The DEMOGRAPHY-STATISTICS-INFORMATION TECHNOLOGY Letter
#1 Jun 2013 Download PDF
TO ANALYZE DATA we need to know where it came from, but what exactly does this mean?
It may mean a citation of the publication the data was taken from. But what if the publication is a secondary source?
Usually we want a citation of the primary source. Secondary sources may get it wrong. Often they omit important metadata. They may not indicate the primary source.
The fullest answer to "Where did this data come from?" is a description of the process that produced the data. This may require multiple documents running to hundreds of pages.
Knowing where data comes from is an essential practical discipline of data analysis. The following story shows why.
In 1994, when my family and I were living in Canberra, we were invited to dinner by Jack Caldwell and his wife Pat. Over dinner Jack told the following story.
He had read in the journal West Africa that the population of Lagos was five million persons. Having worked extensively in Nigeria, he was keenly interested in the number. Being a good demographer, he was equally interested in the source.
So he wrote to the journal asking for the source. They replied that the number had come from someone Jack knew at the University of Birmingham's West African Centre, Margaret (Peg) Pell.

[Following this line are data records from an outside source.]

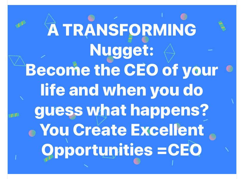 ATransforming Nugget – Become the CEO Posted byDr. TracyAugust 22, 2020Posted inMotivation, Purpose, TransformationTags:CEO, Create, Excellent, Motivation, Transform Share this: Click to share on X (Opens in new window) X Click to share on Facebook (Opens in new window) Facebook Like Loading... Related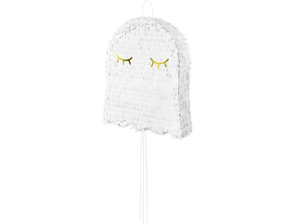 Pinata w kształcie ducha w kolorze białym ze złotymi oczami, do napełnienia smakołykami, rozmiar ok. 41,5 x 50 x 10 cm.Parametry dodatkowe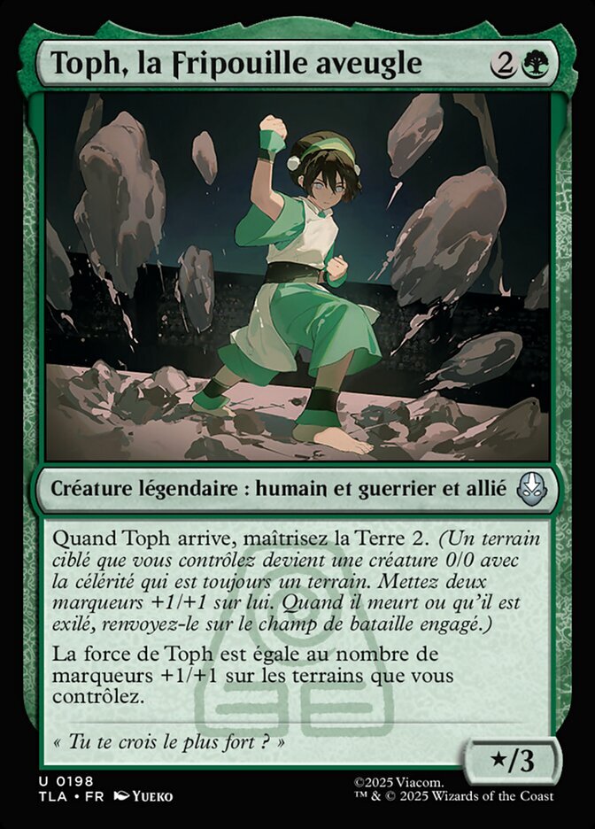 | Rules | When Toph enters, earthbend 2. (Target land you control becomes a 0/0 creature with haste that's still a land. Put two +1/+1 counters on it. When it dies or is exiled, return it to the battlefield tapped.) Toph's power is equal to the number of +1/+1 counters on lands you control. |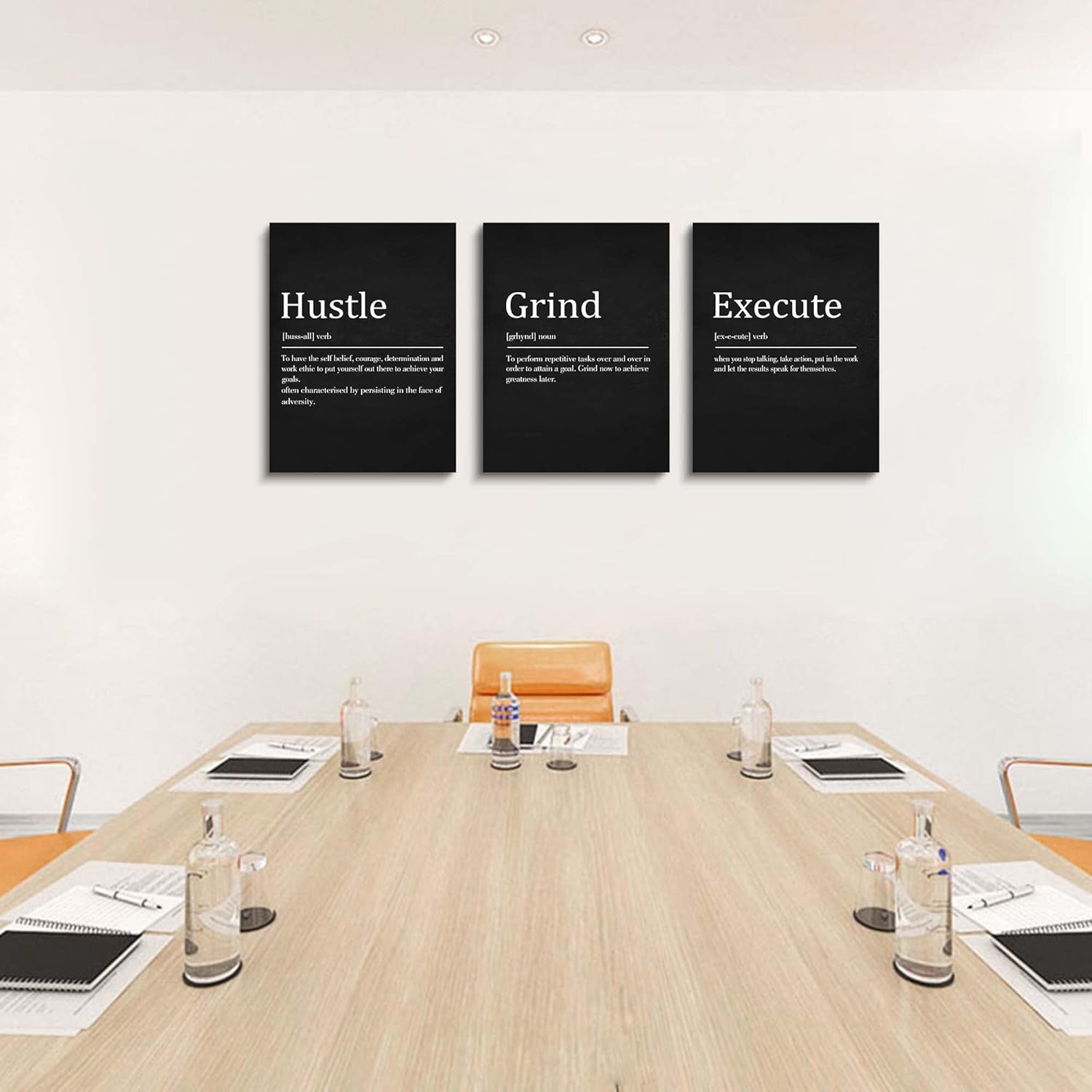 - 【Office Hustle Wall Art Decor】 The Size of the office canvas wall art set is: 12x16inchx3pcs (30x40cmx3pcs). The modern wall art prints perfectly combine quotes such as Execute, Failure, Success, making the artworks more inpirational and motivational. The inpirational wall art set is the best choice for home office gifts or boss office decoration.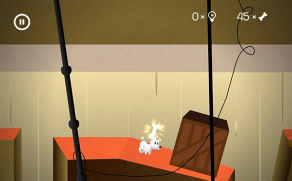 繼續往前走,你會碰到一個箱子。把箱子推到右邊的溝槽里,接著跳上去。這里還會有一根骨頭,別忘了收集呀!
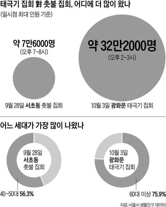휴대전화 접속 데이터를 통해 연령대별로 집회에 얼마나 왔는지도 파악할 수 있다. 9월 28일 서초동 촛불 집회의 경우엔 40~50대가 전체의 56.3%로 가장 많았고, 20~30대는 19%였다. 1주일 뒤 열린 촛불 집회 구성비도 비슷했다. 10월 3일 광화문 태극기 집회는 60대 이상의 참가 비율이 75.9%로 압도적이었다. 그 뒤를 이어 40~50대 비중이 19.8%, 20~30대는 3.6%였다. 두 집회 모두 10대의 비중은 10% 미만으로 적었다.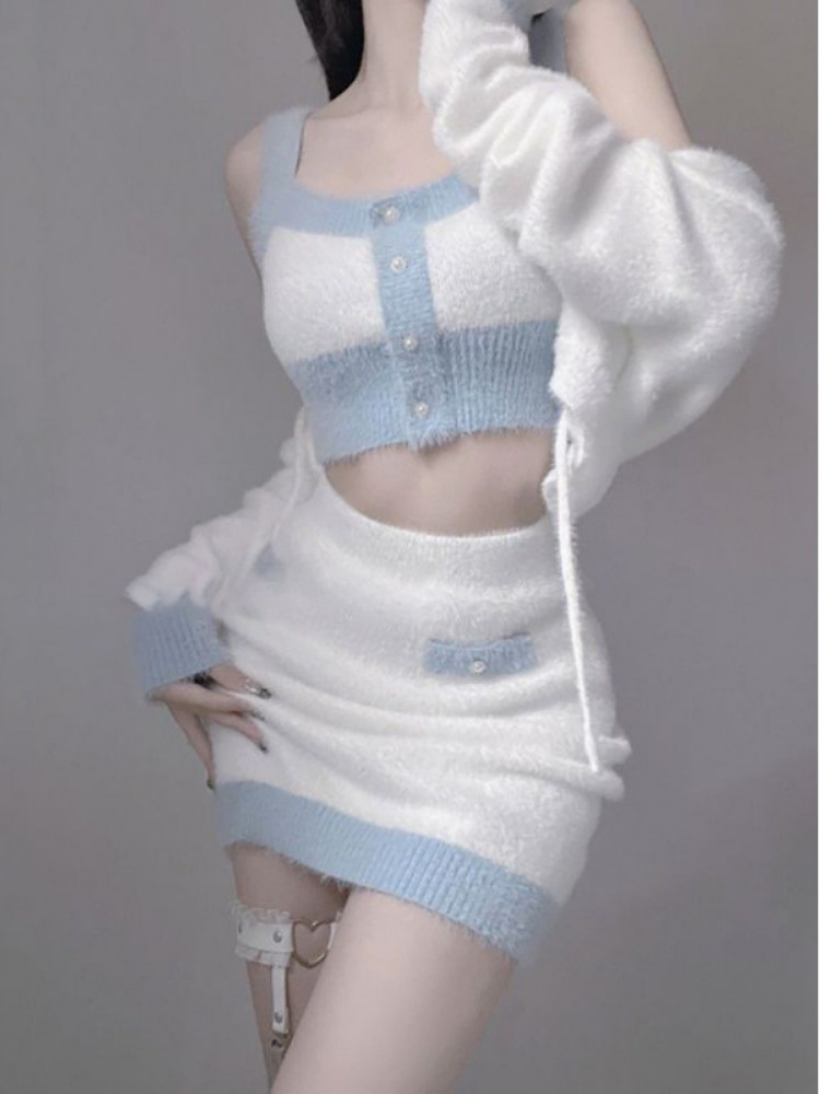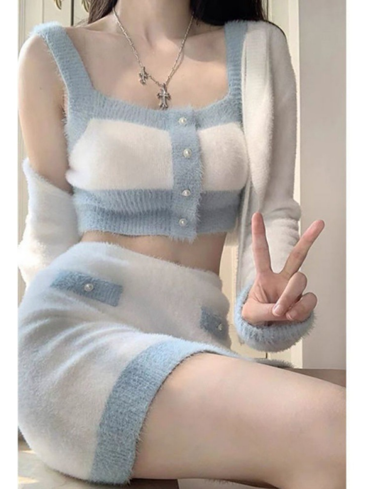 Make a statement with the autumn and winter's new knitted three-piece set, showcasing irresistible charm. From the elegant and sexy pure knit vest dress to the alluring yet sweet and spicy knit hip-hugging skirt, these pieces exude sophistication and allure. Square neckline, cardigan style, pullover closure, patchwork design detail, slim fit silhouette, regular thickness, long sleeves, regular sleeve style.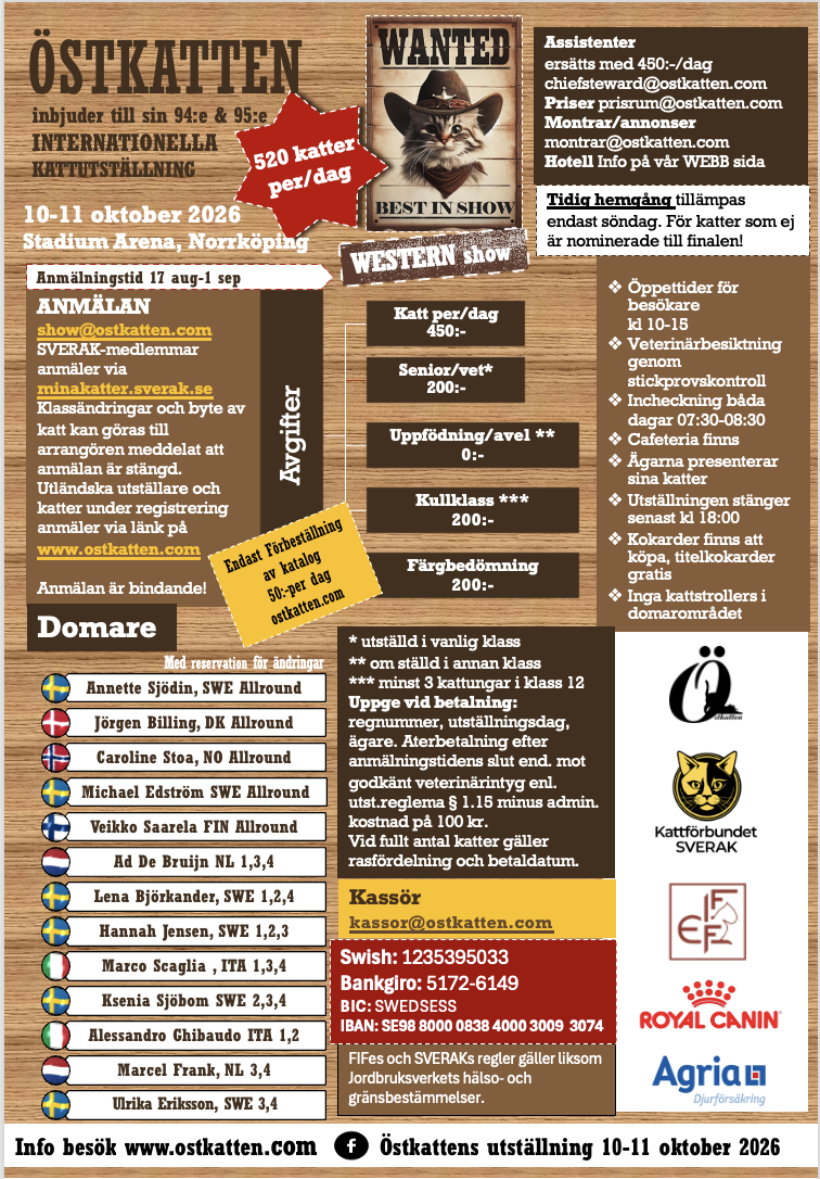 För alla frågor gällande klassändringar, byte av katt, fel i anmälan vänligen kontakta Hanna & Åsa via email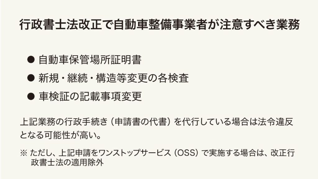 改正のポイントはいくつか挙げられるが、中でも整備事業者が理解しておかなければならないのは、業務制限規定の明確化である。改正法第19条第1項には、「他人の依頼を受けいかなる名目によるかを問わず報酬を得て」という文言が追加された。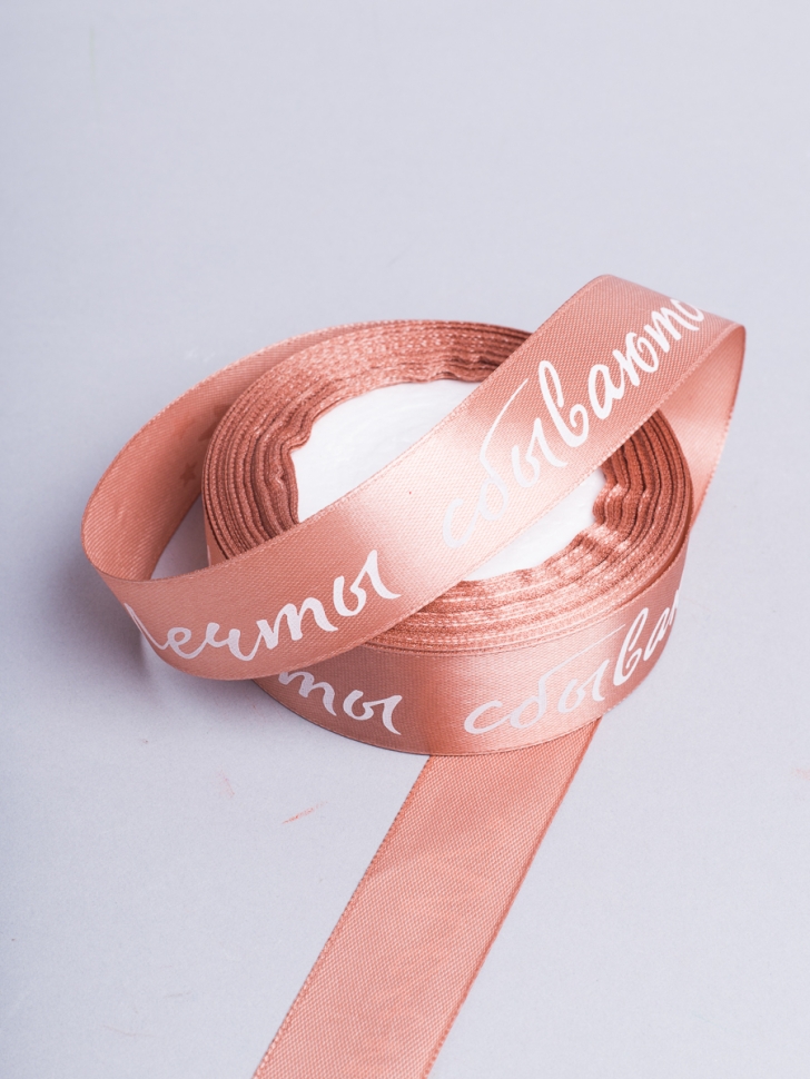 / Лента атласная 25мм х 25 ярд надпись Мечты сбываются капучино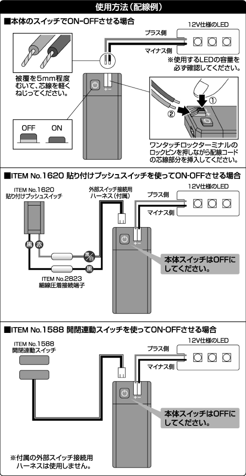 ■工具不要!LED接続用ワンタッチロックターミナル採用

So Jack wrote to Peg, asking her for the source. She replied that she had heard the number from Bob Morgan, another friend. Jack guessed that the source was a demographic survey that Bob had worked on. And of course he wrote to to Bob for confirmation.
Bob replied that the survey was not the source, as it had not been completed, but the letter did provide the source.
You remember, Jack, that I picked you and Pat up at Lagos airport nine months ago. Your flight path had come in over the full length of the city and you remarked to me that it had grown greatly and now looked as if it might have five million inhabitants. I knew that you had flown over many cities and knew the populations of many of them, so I thought that this was probably the best estimate available. I have subsequently employed it when people have asked me the question.
The source that Jack had searched so assiduously for was—himself!
The story shows that to assess data quality we need to look not just at the data itself, but also at the process that produced the data. Data quality is a function of the nature of the data collection process and the care with which it was executed.
The estimate in this case is remarkably good, as the resources section below shows. Given the process, however, we would not expect high precision.
The United Nations Population Division produces estimates of the population of major cities of the world. World Urbanization Prospects: The 2011 Revision is available for free download via the "Final Report" link at esa.un.org/unpd/wup/.
The "Urban Agglomerations" link provides access to an online database. The estimates for Lagos for mid-1990 and mid-1995 are, respectively, 4.8 and 6.0 million.